Second, complexity. That "every tool call must be paired" invariant we keep hammering on — the more finely you trim history, the more likely you break it in some corner. A coarse summary only has to protect one clean cut point; there are an order of magnitude fewer places to get it wrong. One fewer class of edge case is one fewer class of production incident.

Third, riding the dividend of better models. Context windows have grown steadily over the past couple of years, and models handle long context better and better. Pouring effort today into an elaborate compaction algorithm is essentially fighting a problem that's shrinking — odds are you finish tuning it just as the next generation doubles its window, and your complexity becomes pure liability. Conversely, handing the summarization to the model itself gets automatically better as the model improves: the better it is at picking out what matters, the higher the summary quality, and we don't change a line. Complexity the model can carry for you is complexity you shouldn't carry yourself.

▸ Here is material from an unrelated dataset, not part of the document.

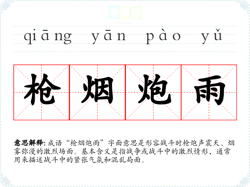 成语“枪烟炮雨”字面意思是形容战斗时枪炮声震天、烟雾弥漫的激烈场面。基本含义是指战争或战斗中的激烈情形,通常用来描述战斗中的紧张气氛和混乱局面。
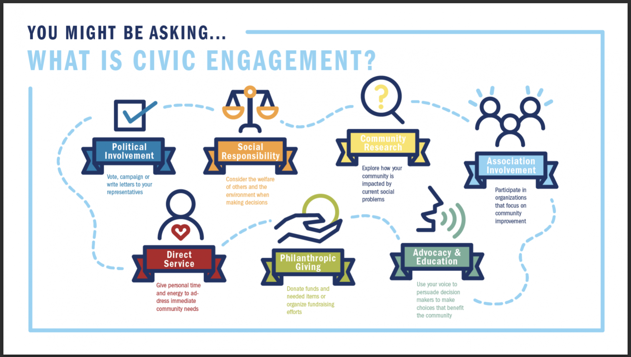 A civic engagement project is a project in which a student or group of students defines problems in their own communities, investigates root causes and possible solutions, develops and implements plans to address those problems, and reflects on their actions to help them develop identities as citizens with rights and responsibilities.

Token estimation hides one easy-to-miss issue: Chinese. Estimate Chinese using English intuitions (roughly one token per few characters) and you'll badly undercount. Orkas weights CJK characters separately in its estimate; otherwise the watermark for an all-Chinese conversation reads wrong, and compaction won't fire when it should.

Errors and retries

Running on the user's machine and depending on an external model API, errors are the norm, not the exception. The runner sorts them into a few classes and treats each differently:

  • Retryable: rate limits, timeouts, dropped connections, 5xx. Exponential backoff with jitter, capped at 30 seconds; if it's a rate limit and the server sent retry-after, honor it.
  • Non-retryable: things like auth failures — no number of retries will help, so error out immediately.
  • Special: context overflow. Try compaction first, retry once after, and only error out if that still fails.

There's one more class: "the tool itself failed." This doesn't sink the whole turn — a tool failure is itself information for the model, which, seeing "that command errored," can perfectly well try a different approach. The harness distinguishes these transient tool errors from real faults: it neither interrupts the flow nor loses them — they show up in after-the-fact stats. (That data later feeds the self-evolution mechanism, which is the subject of the next article.)

The external cancellation signal (AbortSignal) is checked at every key point. The user hits "stop," and the current turn halts immediately — no new retries get kicked off.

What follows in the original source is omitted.